§ DIRECTIONS FOR THIS TASK
With the pictures left out, please write out exactly each line from the one containing "家に向かって歩くと、木の外壁" through the end of the material.

§ COLLECTED MATERIAL
● ● ●

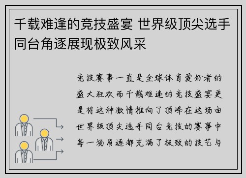 千载难逢的竞技盛宴 世界级顶尖选手同台角逐展现极致风采
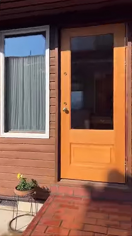 家に向かって歩くと、木の外壁と、鮮やかな色味の木製玄関ドアが陽に照らされていて、
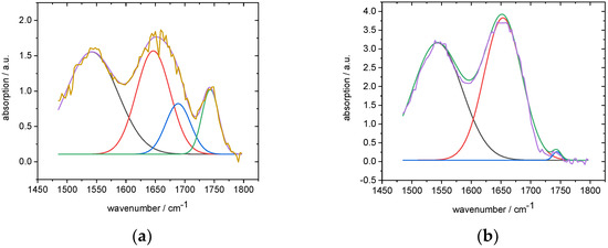 Fitted spectral range from 1450 to 1800 cm-1: (a) control group (b) BPC 157-treated group.

● ● ●

§ OUTPUT OF THE EXERCISE
 家に向かって歩くと、木の外壁と、鮮やかな色味の木製玄関ドアが陽に照らされていて、
 Fitted spectral range from 1450 to 1800 cm-1: (a) control group (b) BPC 157-treated group.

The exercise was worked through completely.